It’s said that you’re only young once – and sometimes not even that.
“Canada’s piano superstar is eight years old,” proclaimed the Canadian Broadcasting Corporation earlier this year. The superstar in question, Kevin Chen, passed the country’s piano-teacher exam and is studying at the Royal Conservatory of Music. Ryan Wang, five, a fellow Canadian pianist, has performed at Carnegie Hall. Pianist Laetitia Hahn, 10, has been delighting German concertgoers with her Chopin and Beethoven for more than three years. British nine-year-old Alma Deutscher started playing the piano at the age of two and the violin at three and now composes operas, having acquired an early taste for the trade by writing Nokia ringtones.
Conservatories in Europe and North America report increasing numbers of pre-teens who turn up for auditions flawlessly performing repertoires previously considered the domain of 25-year-olds. This is the awe-inspiring era of underage marvels who rattle off Chopin’s tricky études as well as entire piano concertos. “Musicians are doing more advanced things at a younger age than ever before,” says Yoheved Kaplinsky, a professor of piano at the Juilliard School in New York City and the head of its pre-college division. “Kids are recording the Chopin études at the age of 10. When I was young, nobody played them until they were adults.”
The trend is most obvious for the piano, though string players are also showing impressive skills at an ever-younger age. In a nod to the youthful trend, the prominent Van Cliburn piano competition held annually in Fort Worth recently announced that it will add contests for 13- to 17-year-olds. The American Protégé competition already features a category for players from ages six to 10, and next year New York’s Kaufman Music Centre will hold its second International Youth Piano Competition, open to players aged seven to 17.
“Today, most young musicians winning competitions are Asian,” notes Murray McLachlan, a teacher at Chetham’s School of Music in Manchester. With China reportedly having 30 million young pianists, the fact that a number of them win competitions may not be surprising. But, says McLachlan, an acclaimed concert pianist, Chinese children succeed at the keyboard because their families value the work ethic that piano playing demands.
There have, of course, always been prodigies. The six-year-old Mozart dazzled 18th-century dukes and monarchs with his skills on the keyboard and the violin, and already had several compositions under his belt. Daniel Barenboim, the Argentinian-born pianist, performed in Vienna when he was eight, and Anne-Sophie Mutter, the German violinist, made her international debut at 13. But they were true prodigies, young musicians who combined technical brilliance with promising artistry.
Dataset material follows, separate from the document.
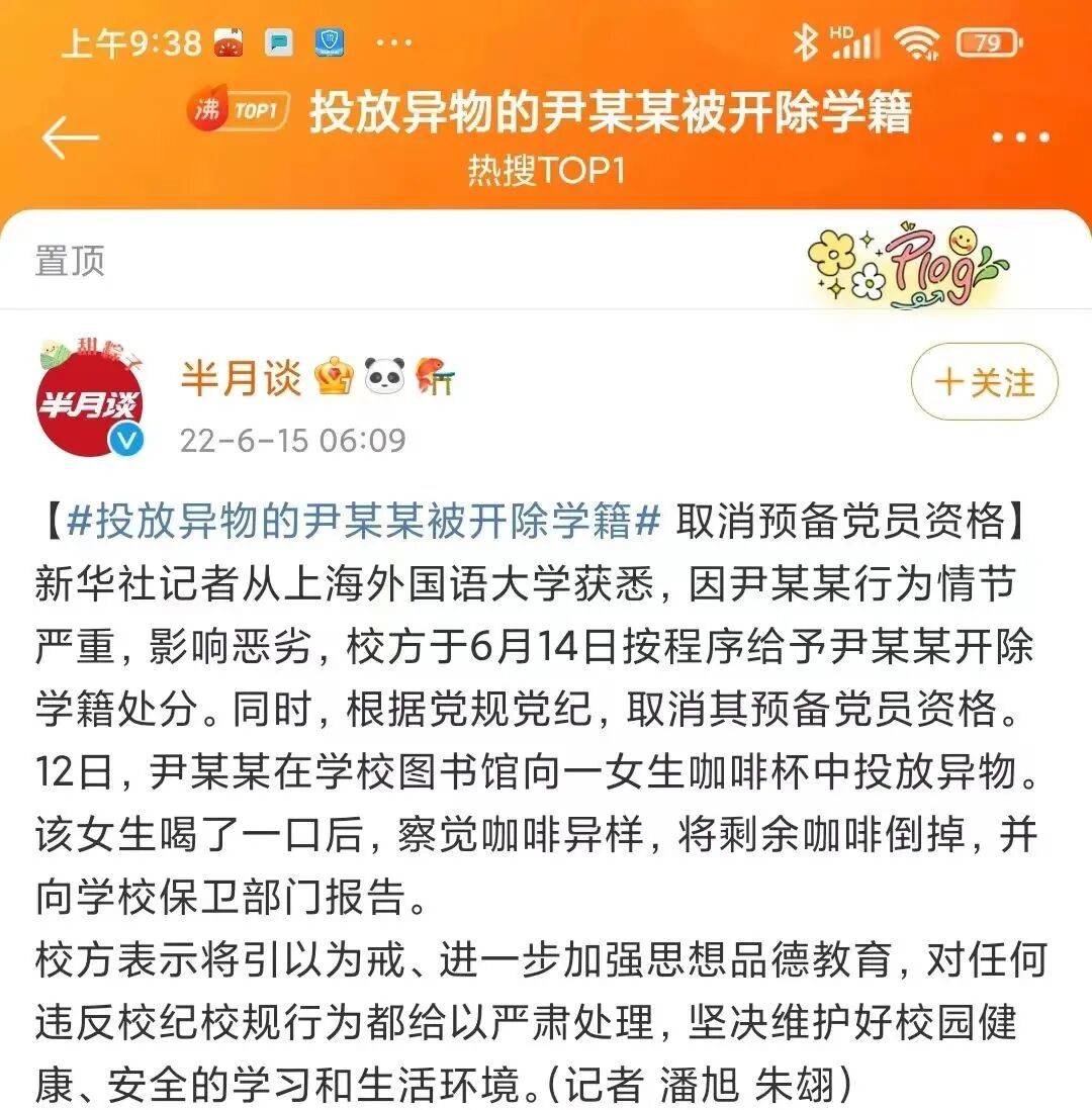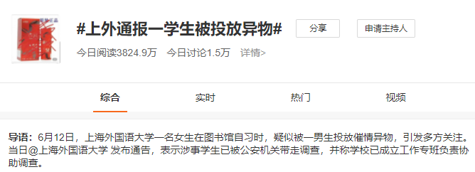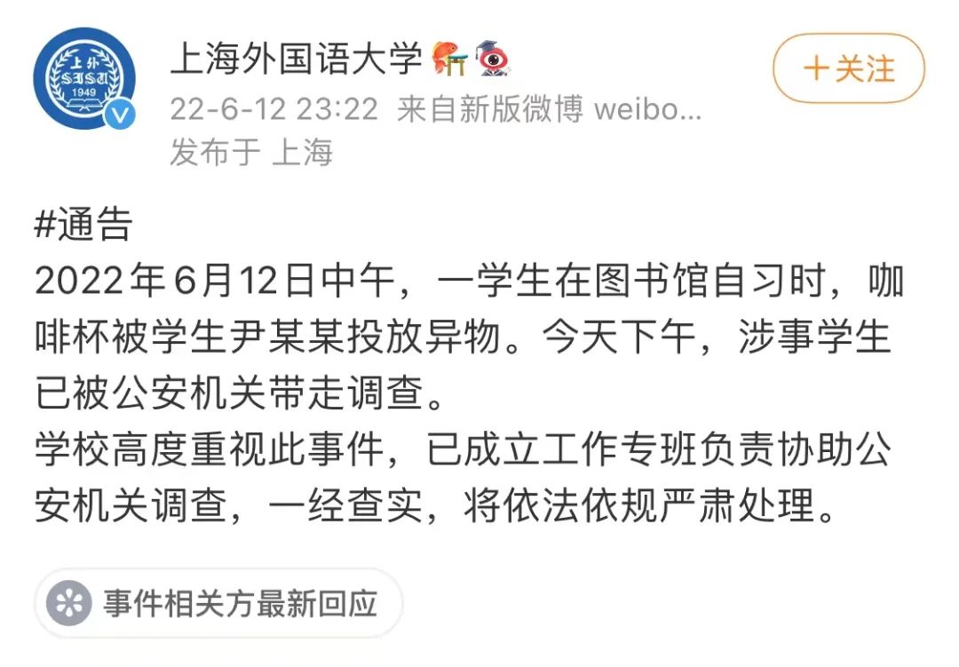 6月12日,一则“上海外国语大学一女生咖啡杯中被同校男同学投放不明物一事”,冲上热搜。
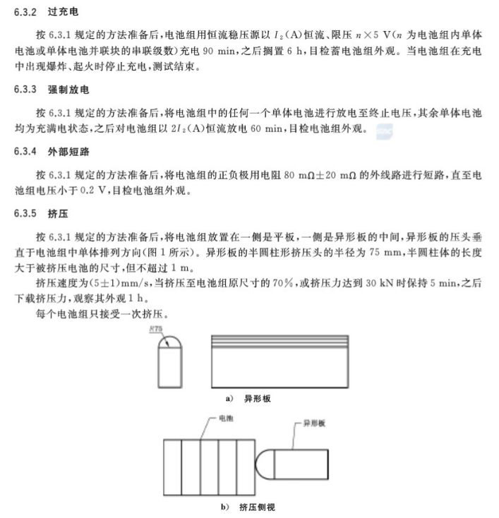 標(biāo)準(zhǔn)條款中,過充電、強(qiáng)制放電、外部短路、擠壓、浸水、殼體阻燃性為本標(biāo)準(zhǔn)中難度較大的檢測項(xiàng)目,需要相關(guān)企業(yè)給與高度關(guān)注。過充電、強(qiáng)制放電、外部短路要求電池組拆除保護(hù)裝置后測試,對電芯安全性能、pack工藝、保險絲等提出了很高的要求;擠壓項(xiàng)目中30kN擠壓力或變形至70%,對電池組外殼、電池支架結(jié)構(gòu)等提出了很高要求;電池組外殼應(yīng)滿足V0防火阻燃等級要求,高于電動自行車國標(biāo)中的V1等級要求;浸水測試對電池組IP防護(hù)等級提出了較高要求。GB/T36972-2018《電動自行車用鋰離子蓄電池》文本正式公布

Today, there are so many young star performers that age alone seems to mark their value.
“The danger is that we’re creating machines that can play any piece at any speed,” says Gabriela Montero, the celebrated Venezuelan pianist, who was herself a child prodigy. “It’s a worrisome trend because it highlights early achievement rather than substance and artistry,” Kaplinsky says. “I see 16-year-olds who are lamenting the fact that they haven’t performed at Carnegie Hall yet.”
In the 1996 film Shine, Geoffrey Rush plays David Helfgott, the Australian pianist who as a teen buckles under immense pressure to succeed and suffers a mental breakdown. That is an extreme reaction, but prodigies don’t always go on to great success as adult artists. “Early accomplishment means nothing in the long run,” Kaplinsky says. “Child musicians delight audiences because it’s fun seeing somebody so young doing so much, but some of them burn out.” That may provide some consolation – or Schadenfreude – to those 16-year-olds who have yet to play Carnegie Hall.
For those who lack artistic goals and have simply mastered the technique to wow parents, teachers and audiences, the fall from child star to teenager can cause anguish, along with anger at mums and dads who took their tiger parenting too seriously. The proof of the real talent of prodigies is whether they blow audiences away in 20 years’ time. “The transition from child prodigy to adult artist is a very difficult one,” says Montero, who made her concert debut at eight but gave up playing the piano 10 years later. “As an artist, you have to have something to say, but you don’t have anything to say if you’ve spent your life in a practice room.” Armed with life experience and an artistic voice, Montero returned to the keyboard at 20.
Kaplinsky says that conservatories should support early achievers only if they exhibit artistic potential as well. “We’ve had kids come in to audition and play note-perfect, but we felt there was a musical vacuum behind their performance and didn’t offer them admission,” she says. Juilliard occasionally offers a place to a young musician who is not technically brilliant but shows artistic potential.
Most musicians would agree with Montero, who calls musical performances without personal interpretation simply a “numbers game of faster and younger”.
As McLachlan says: “Obviously, musicians have to work hard, and the younger the better, but the main thing is to be in love with music.”
There is, in other words, still hope for those 14-year-old stragglers.